Instructions for the task: Copy out all the lines of the data precisely, omitting any pictures.

Data section:
+--

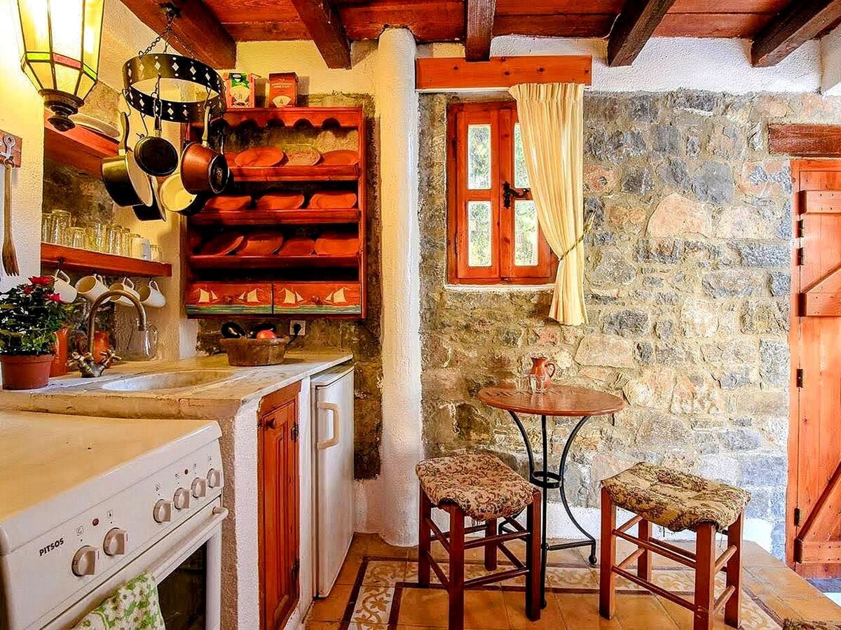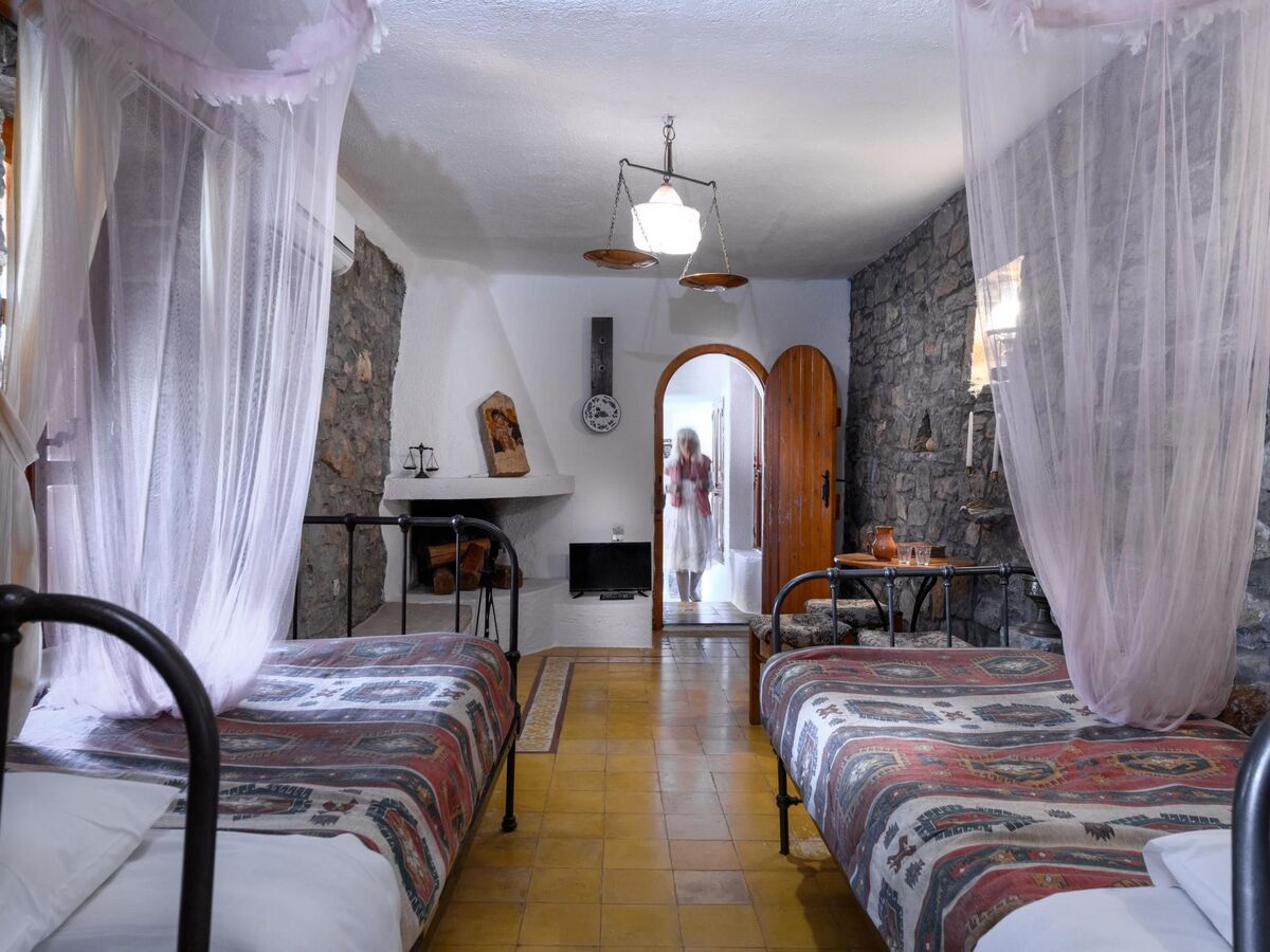 All the furniture are copies of originals found in the Historical Museum of Heraklion, Crete, but the lamps and fittings are original.
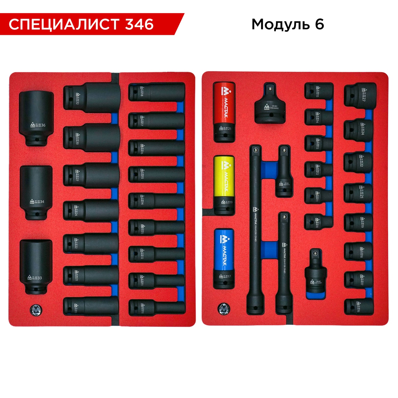 Набор инструментов 346 предметов, "СПЕЦИАЛИСТ 346", для тележки, 17 ложементов, МАСТАК 5-00346.
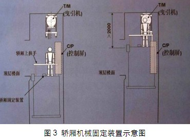 当对无机房电梯的曳引机和控制屏进行维修保养时,由于操作人员是站在井道内的轿顶上而非机房地面,因此轿厢应该以机械方式固定在导轨上,以消除由于轿厢意外移动而产生的危险。为此,ELENESSA 无机房电梯提供了一套轿厢机械固定装置(如图 3 所示) ,该装置位于轿顶上靠曳引机的一侧,能够将轿厢固定在以下任一位置:a)可以对控制屏进行维护保养。在这个位置上,轿顶平面位置大致与顶层平层平齐;b)可以对曳引机进行维护保养。在这个位置上,轿顶平面位于井道顶部下约 2m处。 使用轿厢固定装置的操作步骤如下:①将轿厢运行到上述任一位置。这些位置可以通过固定在导轨上的用以插入轿厢固定装置的固定板来辩别;②翻动轿厢固定装置,将其从“收拢位置”转换到“设定位置” 。固定装置上的固定件应该完全插入导轨上固定板的孔内;③翻动轿厢固定装置使其脱离“收拢位置”时,轿厢所有的电气操作将自动失效;④在使用轿厢固定装置时应注意此时轿厢顶上有最大允许负载条件,确保安全可靠。

+--

Result of this exercise:
 All the furniture are copies of originals found in the Historical Museum of Heraklion, Crete, but the lamps and fittings are original.
 Набор инструментов 346 предметов, "СПЕЦИАЛИСТ 346", для тележки, 17 ложементов, МАСТАК 5-00346.
 当对无机房电梯的曳引机和控制屏进行维修保养时,由于操作人员是站在井道内的轿顶上而非机房地面,因此轿厢应该以机械方式固定在导轨上,以消除由于轿厢意外移动而产生的危险。为此,ELENESSA 无机房电梯提供了一套轿厢机械固定装置(如图 3 所示) ,该装置位于轿顶上靠曳引机的一侧,能够将轿厢固定在以下任一位置:a)可以对控制屏进行维护保养。在这个位置上,轿顶平面位置大致与顶层平层平齐;b)可以对曳引机进行维护保养。在这个位置上,轿顶平面位于井道顶部下约 2m处。 使用轿厢固定装置的操作步骤如下:①将轿厢运行到上述任一位置。这些位置可以通过固定在导轨上的用以插入轿厢固定装置的固定板来辩别;②翻动轿厢固定装置,将其从“收拢位置”转换到“设定位置” 。固定装置上的固定件应该完全插入导轨上固定板的孔内;③翻动轿厢固定装置使其脱离“收拢位置”时,轿厢所有的电气操作将自动失效;④在使用轿厢固定装置时应注意此时轿厢顶上有最大允许负载条件,确保安全可靠。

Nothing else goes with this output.